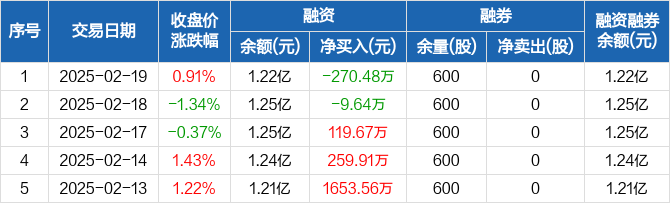 美诺华:融资净偿还270.48万元,融资余额1.22亿元(02-19)
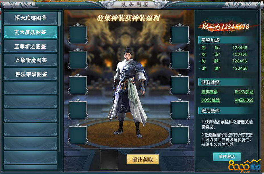 收集红色以上装备可激活图鉴,每激活一件装备图鉴可领取一份奖励
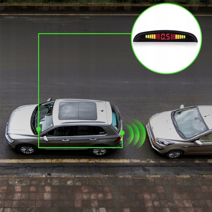Комплект содержит целых четыре датчика, которые можно разместить в любой конфигурации спереди или сзади автомобиля, что повышает безопасность при движении вперед и при движении задним ходом. Датчики, работающие с помощью ультразвуковых датчиков, измеряют точку и сигнализируют о ее приближении, вызывая тревогу звуковым сигналом, а также свечением цветных линий на ЖК-дисплее.
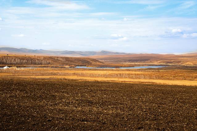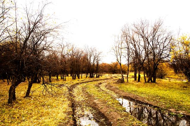 刚出额尔古纳就在道路上发现一片湿地,从远处看特别的好看,按我一贯的作风既然看到了就要想办法进入。车子沿着泥泞的道路缓慢行驶,时刻还在担心底盘不高的轿车是否可以驶入,还好道路都是碎石子铺成的农用路,车子安全驶入。
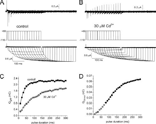 Figure 6. Kinetics of QOFF. (A) Gating currents elicited under control conditions. Top panel is a plot of gating currents in response to voltage pulse protocol shown in the middle panel. Bottom panel shows the first integral of IgOFF traces depicted in top panel. (B) Gating currents, pulse protocol, and integration of currents are shown for the same oocyte after bath application of 30 mM Cd2+. (C) Plot of total QOFF versus pulse duration determined before (filled squares) and after treatment of an oocyte with Cd2+ (open circles). Smooth curves are best fits for single-exponential function (τ = 29 ms for control; τ = 100 ms for Cd2+). (D) Plot of QCd-out in the presence of 30 µM Cd2+ versus pulse duration. Data for pulse durations >70 ms (filled circles) were fitted with a single-exponential function (τ = 95 ms). Thus, after accounting for a delay caused by overlap of the faster rising phase of IgOFF for short pulse durations, the time course of the development of QCd-out matches that of QOFF. |
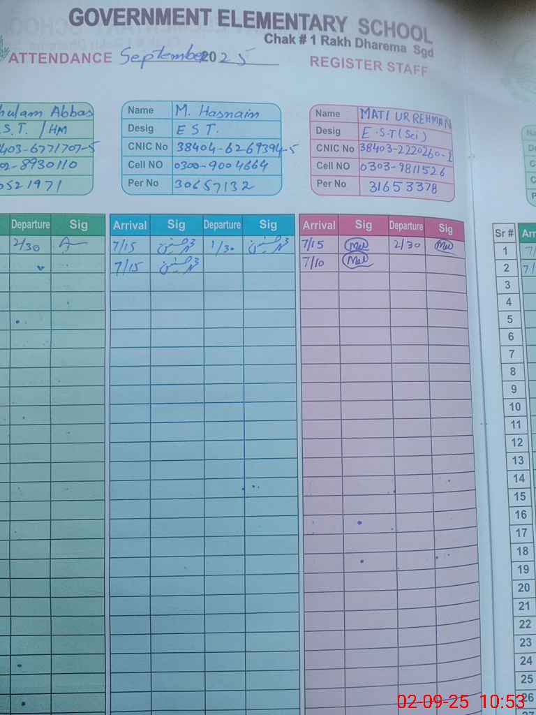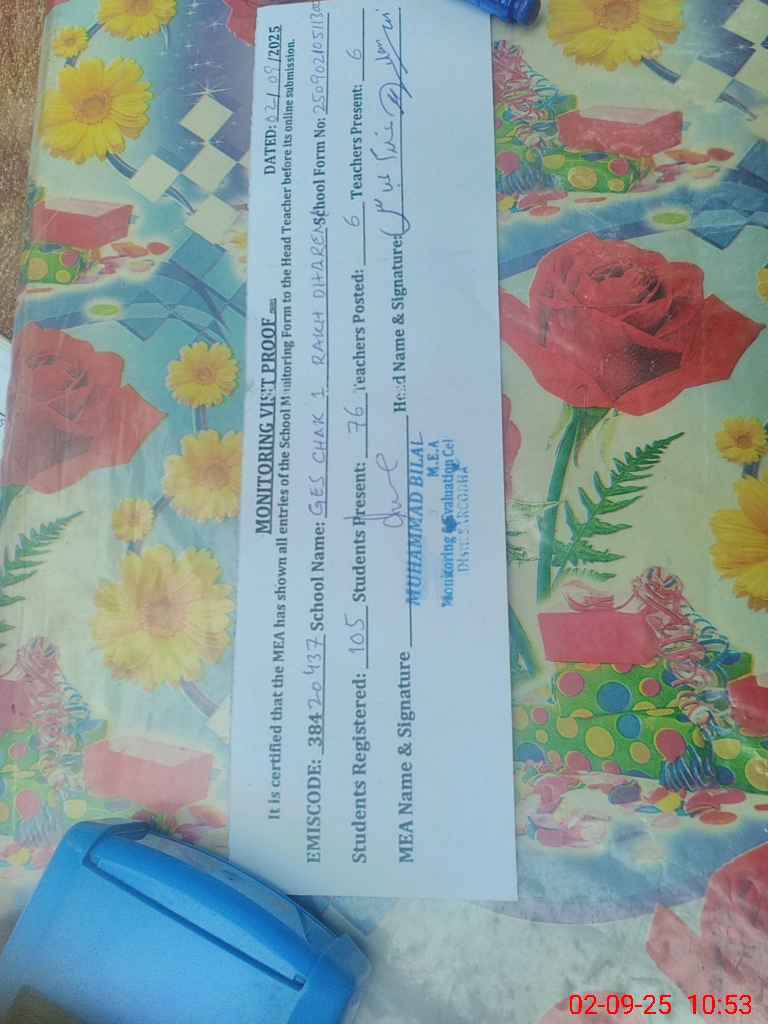 | EMIS Code: 38420437 | Name of School: GES CHAK NO.1 RAKH DHAREMA | |||
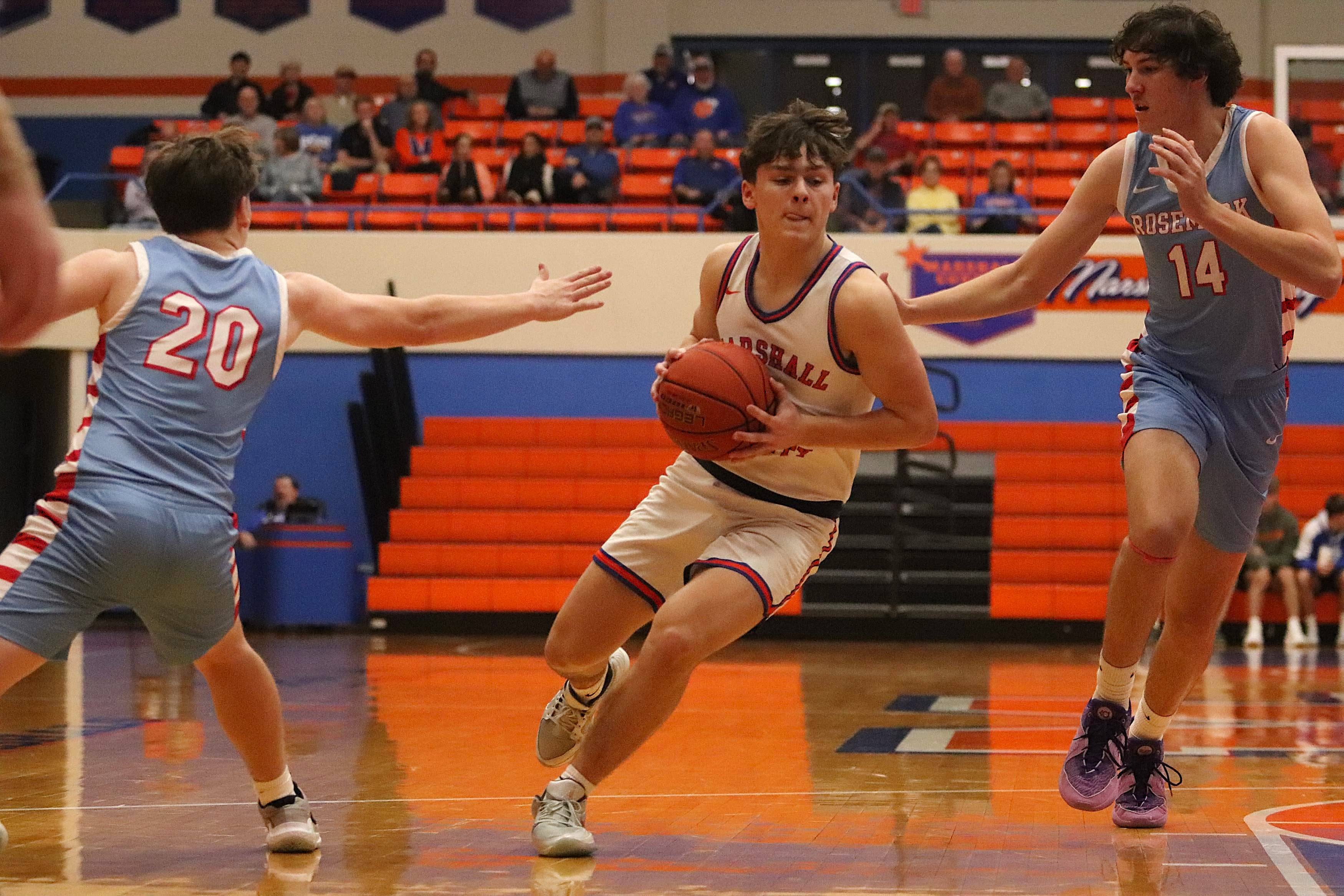 Marshall County opened up the FNB Bank Holiday Classic on Saturday with a 66-39 win over Tipton-Rosemark Academy from Millington, Tenn. In Sunday’s semifinal round, the Marshals beat Louisville Ballard 84-75 to advance to Monday’s championship game against Sayre at 2:00.

____

§ Exercise prompt
Set down again, exactly, the lines of the material above from its first line to the one with "收集红色以上装备可激活图鉴,每激活一件装备图鉴可领取一份奖励", inclusive. Leave the pictures out.

§ Reply to the task
 美诺华:融资净偿还270.48万元,融资余额1.22亿元(02-19)
 收集红色以上装备可激活图鉴,每激活一件装备图鉴可领取一份奖励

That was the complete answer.